#### [Directions]
Could you transcribe exactly the lines below, from the line with "2017 年 02 月" through the line with "Happy couple walking", and nothing else, leaving out the pictures?

#### [Dataset excerpts]
....

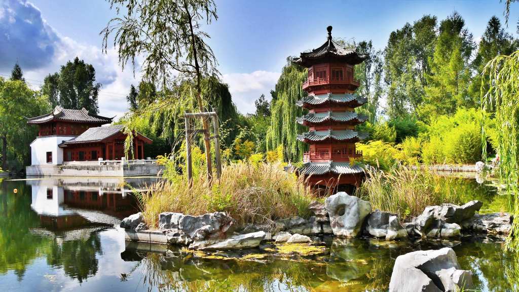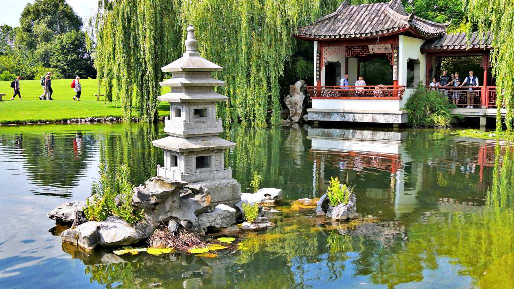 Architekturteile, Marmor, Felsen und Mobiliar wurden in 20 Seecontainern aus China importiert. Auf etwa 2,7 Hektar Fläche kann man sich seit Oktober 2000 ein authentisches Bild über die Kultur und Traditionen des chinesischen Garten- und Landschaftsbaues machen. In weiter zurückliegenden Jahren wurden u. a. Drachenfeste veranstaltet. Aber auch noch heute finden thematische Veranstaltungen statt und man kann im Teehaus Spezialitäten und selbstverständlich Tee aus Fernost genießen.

....

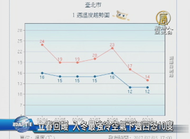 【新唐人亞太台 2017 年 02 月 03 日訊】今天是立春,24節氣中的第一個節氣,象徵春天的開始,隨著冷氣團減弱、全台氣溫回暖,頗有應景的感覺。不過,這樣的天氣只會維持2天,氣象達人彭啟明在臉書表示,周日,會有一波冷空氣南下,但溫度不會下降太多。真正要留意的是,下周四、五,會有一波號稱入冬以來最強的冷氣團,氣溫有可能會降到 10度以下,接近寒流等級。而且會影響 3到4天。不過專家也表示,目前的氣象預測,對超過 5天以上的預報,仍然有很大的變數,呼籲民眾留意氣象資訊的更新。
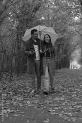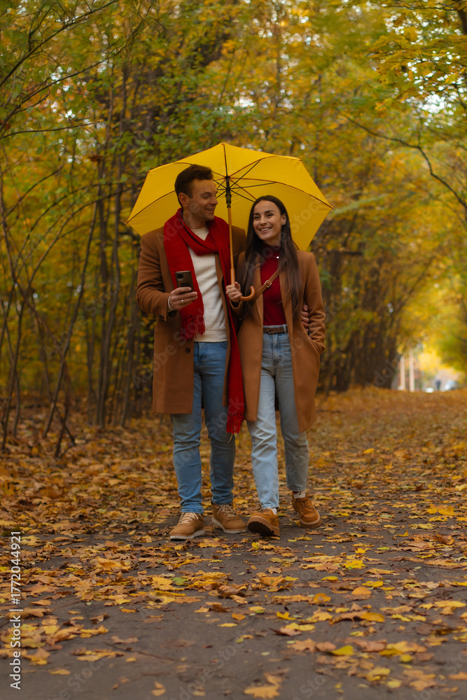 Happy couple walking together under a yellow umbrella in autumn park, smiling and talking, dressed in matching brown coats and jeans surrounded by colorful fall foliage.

....

#### [Your solution]
 【新唐人亞太台 2017 年 02 月 03 日訊】今天是立春,24節氣中的第一個節氣,象徵春天的開始,隨著冷氣團減弱、全台氣溫回暖,頗有應景的感覺。不過,這樣的天氣只會維持2天,氣象達人彭啟明在臉書表示,周日,會有一波冷空氣南下,但溫度不會下降太多。真正要留意的是,下周四、五,會有一波號稱入冬以來最強的冷氣團,氣溫有可能會降到 10度以下,接近寒流等級。而且會影響 3到4天。不過專家也表示,目前的氣象預測,對超過 5天以上的預報,仍然有很大的變數,呼籲民眾留意氣象資訊的更新。
 Happy couple walking together under a yellow umbrella in autumn park, smiling and talking, dressed in matching brown coats and jeans surrounded by colorful fall foliage.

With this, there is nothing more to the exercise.